- Required work -
Word for word, give the data again without its pictures.

- Dataset extract -
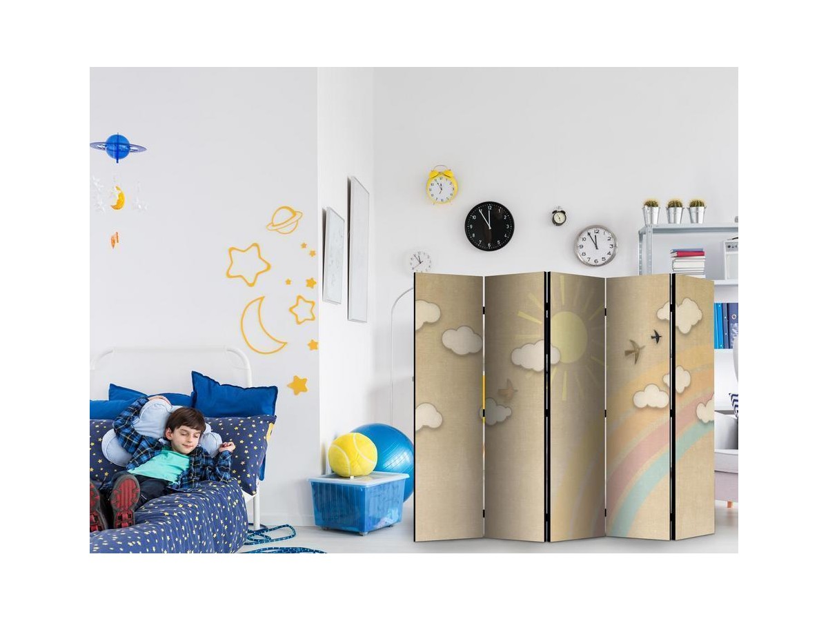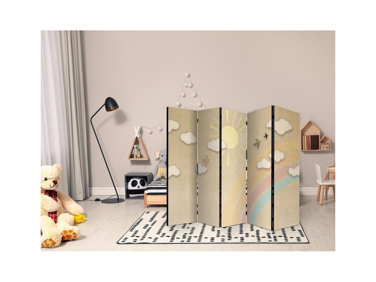 Les paravents décoratifs sont certainement une idée originale dans le domaine de la décoration intérieure. Les paravents remplissent un rôle décoratif, mais aussi bien pratique et fonctionnel. En effet, un paravent intérieur "Paravent - Holiday Sky - A Rainbow on a Sunny Day and Flying Birds" est un meuble formant une cloison amovible et repliable qui peut servir pour délimiter un espace et diviser une grande pièce en deux espaces séparés. Le paravent intérieur est une invention qui est apparue pour la première fois en Chine. Depuis le début de leur existence, les paravents remplissaient des différentes fonctions, comme protéger contre les courants d'air ou bien encore créer un espace isolé pour l'intimité. De nos jours, le paravent intérieur est une belle décoration intérieure, qui permet aussi de gérer l'espace d’une ou de plusieurs pièces selon notre volonté. Le paravent intérieur est également utilisé dans les locaux de service, comme un coiffeur, un cabinet médical ou un bureau comptable pour créer un espace propice à l’intimité ou bien encore à la concentration.
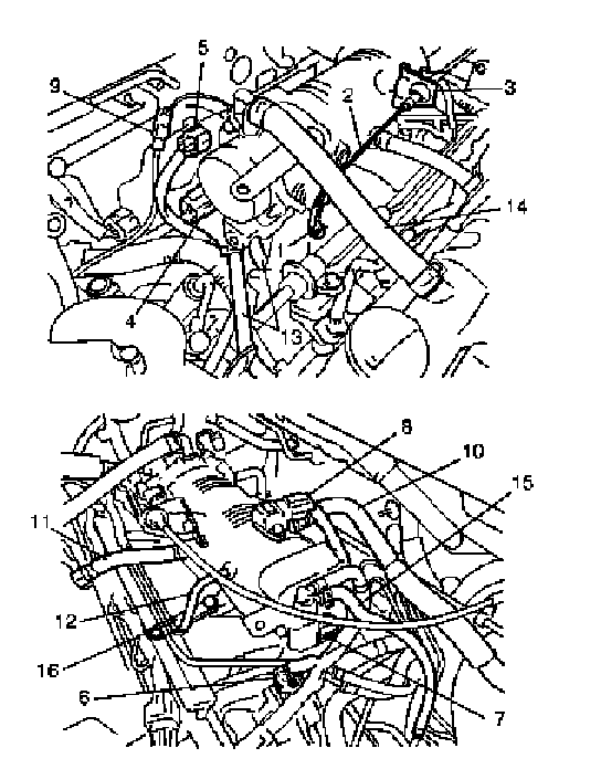 - Fuel pressure regulator vacuum hose (12) from intake manifold
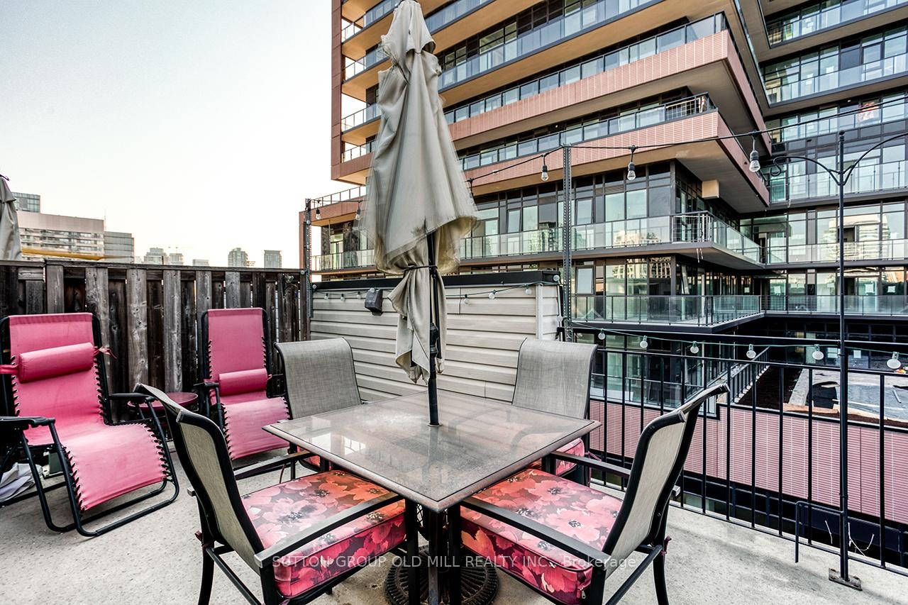 Welcome to your stylish urban retreat in Trendy King West, just steps from Liberty Village, transit, shopping, top-rated restaurants, and all the conveniences of downtown living. This modern townhouse features a private rooftop terrace perfect for entertaining or unwinding, plus access to a beautifully landscaped courtyard. Inside, enjoy: Upgraded kitchen appliances, including a premium Miele washer and dryer, Laminate flooring and pot lights in the living area for a sleek, contemporary feel, Two fully renovated washrooms with high-end fixtures (sink, toilet, shower), A versatile den (~40 sq ft) ideal for a home office or guest bedroom, Extra storage with custom sliding doors on the second level, Bonus features: One parking space and one locker included, All current appliances are included - just move in and enjoy!

- Task solution -
 Les paravents décoratifs sont certainement une idée originale dans le domaine de la décoration intérieure. Les paravents remplissent un rôle décoratif, mais aussi bien pratique et fonctionnel. En effet, un paravent intérieur "Paravent - Holiday Sky - A Rainbow on a Sunny Day and Flying Birds" est un meuble formant une cloison amovible et repliable qui peut servir pour délimiter un espace et diviser une grande pièce en deux espaces séparés. Le paravent intérieur est une invention qui est apparue pour la première fois en Chine. Depuis le début de leur existence, les paravents remplissaient des différentes fonctions, comme protéger contre les courants d'air ou bien encore créer un espace isolé pour l'intimité. De nos jours, le paravent intérieur est une belle décoration intérieure, qui permet aussi de gérer l'espace d’une ou de plusieurs pièces selon notre volonté. Le paravent intérieur est également utilisé dans les locaux de service, comme un coiffeur, un cabinet médical ou un bureau comptable pour créer un espace propice à l’intimité ou bien encore à la concentration.
 - Fuel pressure regulator vacuum hose (12) from intake manifold
 Welcome to your stylish urban retreat in Trendy King West, just steps from Liberty Village, transit, shopping, top-rated restaurants, and all the conveniences of downtown living. This modern townhouse features a private rooftop terrace perfect for entertaining or unwinding, plus access to a beautifully landscaped courtyard. Inside, enjoy: Upgraded kitchen appliances, including a premium Miele washer and dryer, Laminate flooring and pot lights in the living area for a sleek, contemporary feel, Two fully renovated washrooms with high-end fixtures (sink, toilet, shower), A versatile den (~40 sq ft) ideal for a home office or guest bedroom, Extra storage with custom sliding doors on the second level, Bonus features: One parking space and one locker included, All current appliances are included - just move in and enjoy!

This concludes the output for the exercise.